= Jon Hotten =

British journalist and writer

Jon Hotten (born in Aldershot, Hampshire, 7 January 1965) is an English author and journalist. He is best known for the books Muscle: A Writer's Trip Through a Sport with No Boundaries (Random House 2004) and The Years of the Locust (Random House 2009). Muscle was described by Steven Poole in The Guardian as "Superb" and by Giles Smith in The Times as "when it's not alarming, it's merely amazing". The Years of the Locust was described as "standing proud in the tradition of great boxing writing" by Richard Bath in Scotland on Sunday.

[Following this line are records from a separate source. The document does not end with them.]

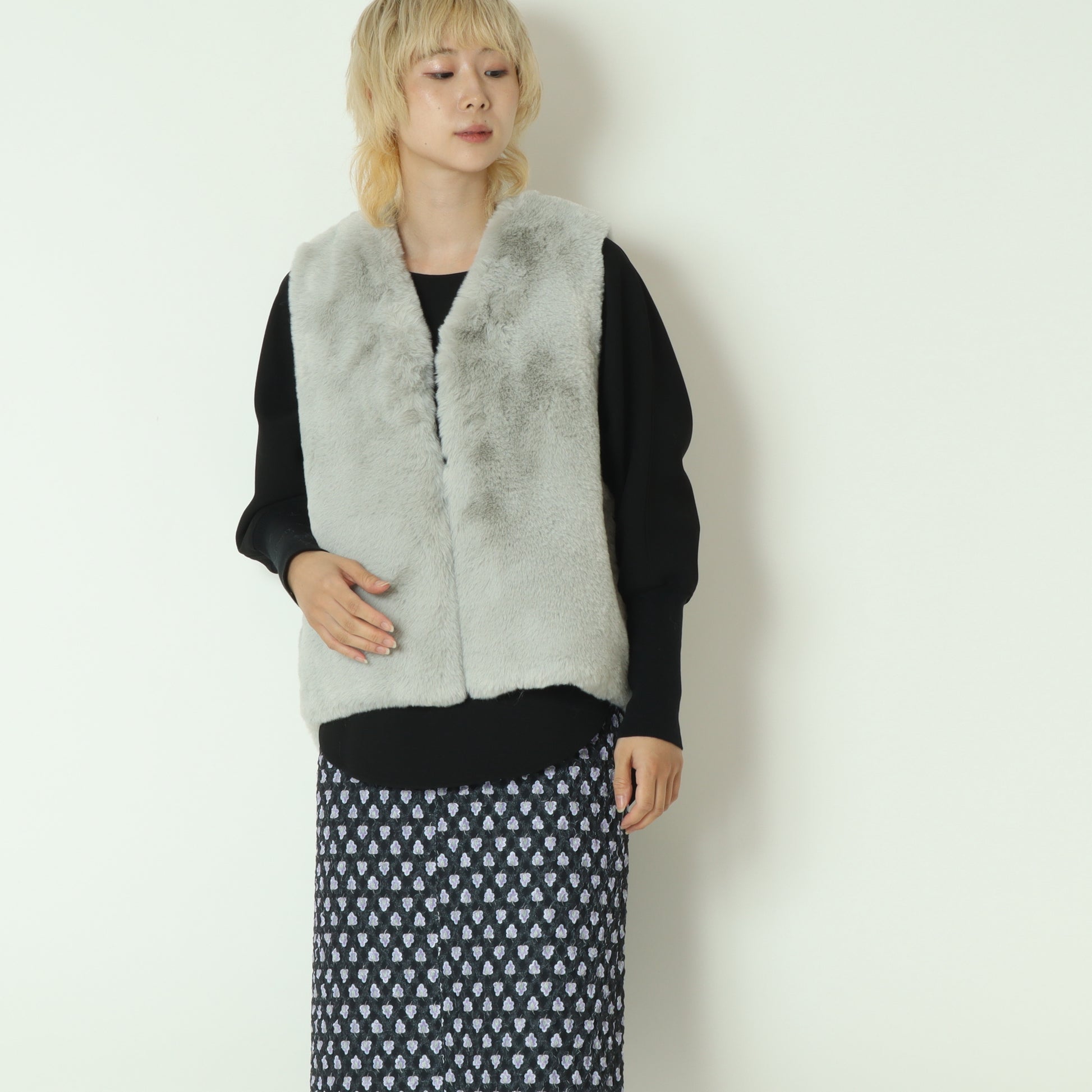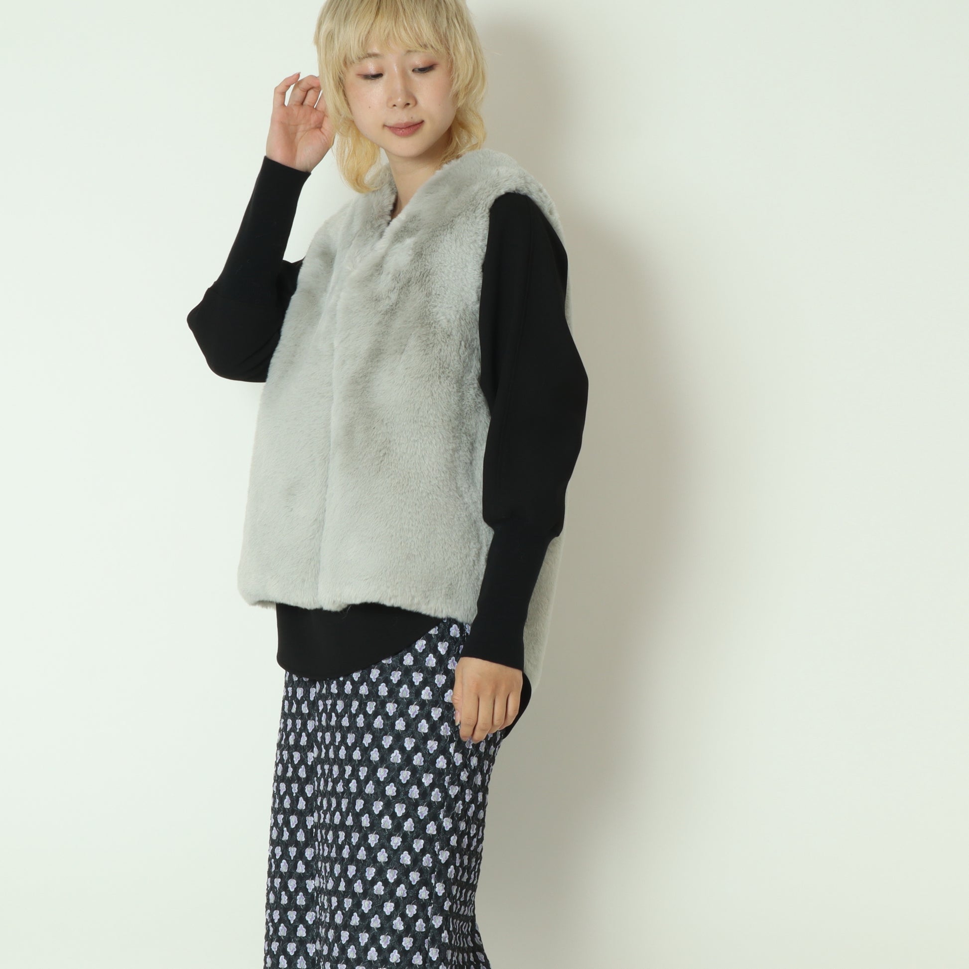 ロンティーに、ワンピースに、スカートに、コーデ問わずさっとプラスでき、上品で高級感のある印象に。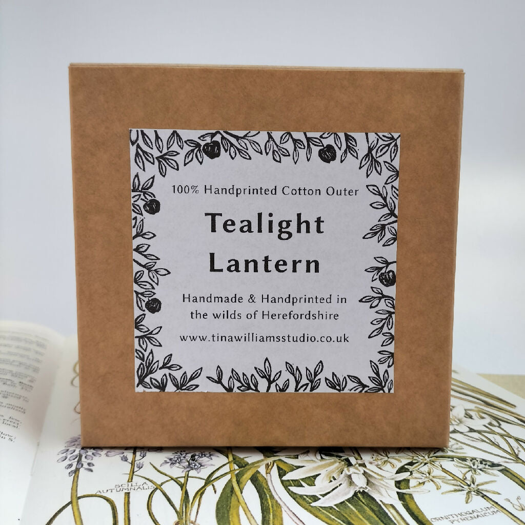The perfect accompaniment to a relaxing spring afternoon or a cosy winters evening, this adorable hand-printed tealight lantern comes with a glass tealight holder, and soy wax tealight.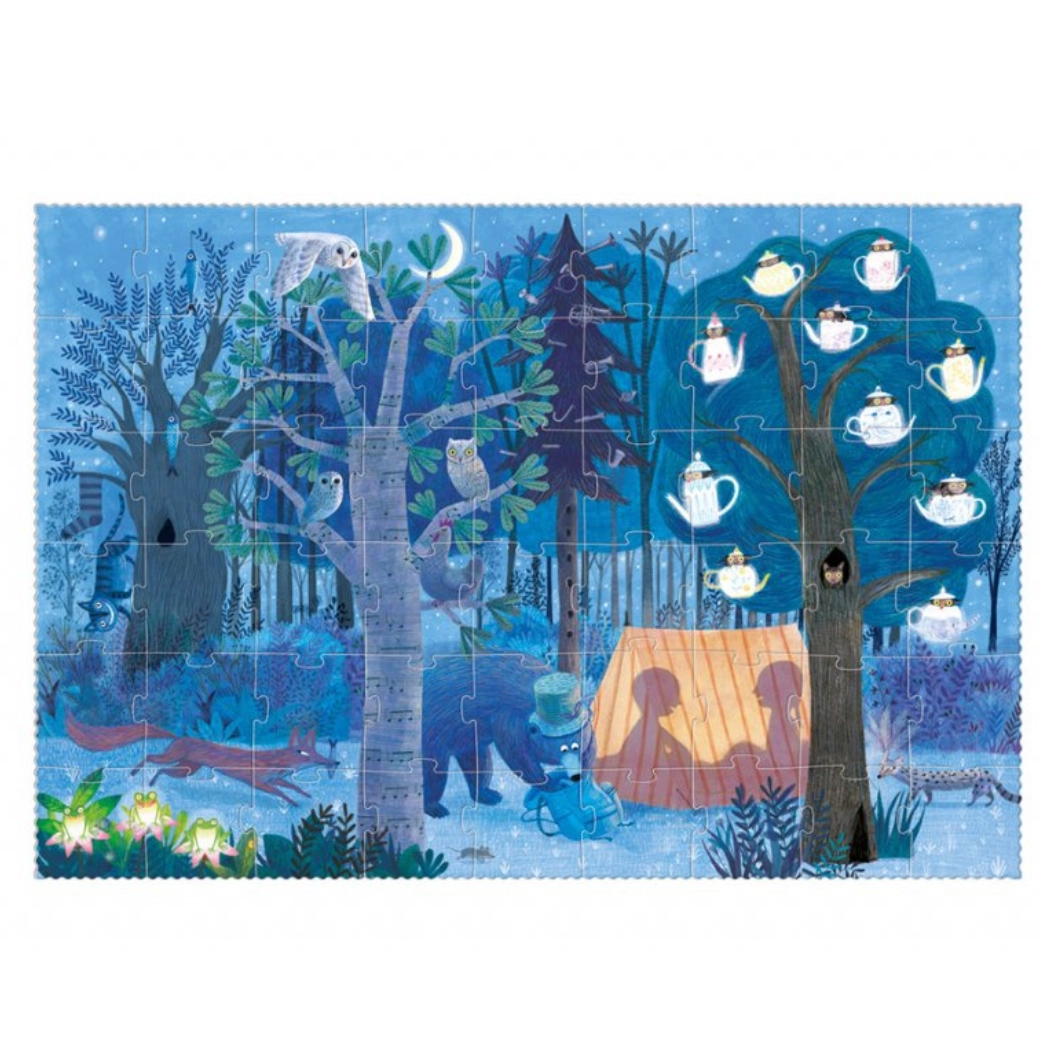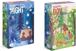 Szórakoztassa magát a kétszínű puzzle Nap és Éjszaka az erdőben, amely két különböző jelenetet kínál gyönyörű illusztrációkkal egy darabon. Ideális a gyermekek képzelőerejének és finommotoros képességeinek fejlesztésére.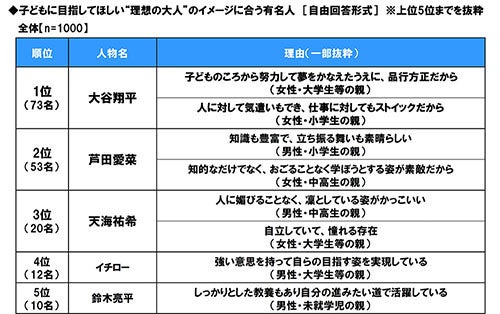 ・子どもに目指してほしい“理想の大人” 「大谷翔平さん」「芦田愛菜さん」が4年連続TOP2に

The Years of the Locust was optioned by Inflammable/Warp Films.

In June 2015 he published a novel, My Life and the Beautiful Music (Jonathan Cape).

Hotten was a contributor to Kerrang! magazine from 1987–92 and currently contributes to Classic Rock Magazine. He is the author of the popular cricket blog, The Old Batsman (since November 2008) and since February 2013 a frequent contributor to The Cordon cricket blog at Cricinfo. The Old Batsman also appears in The Guardian. He is one of the co-writers, along with Sam Collins and Jarrod Kimber, of the 2015 cricket documentary Death Of A Gentleman. Hotten has presented two seasons of The Nightwatchman podcast.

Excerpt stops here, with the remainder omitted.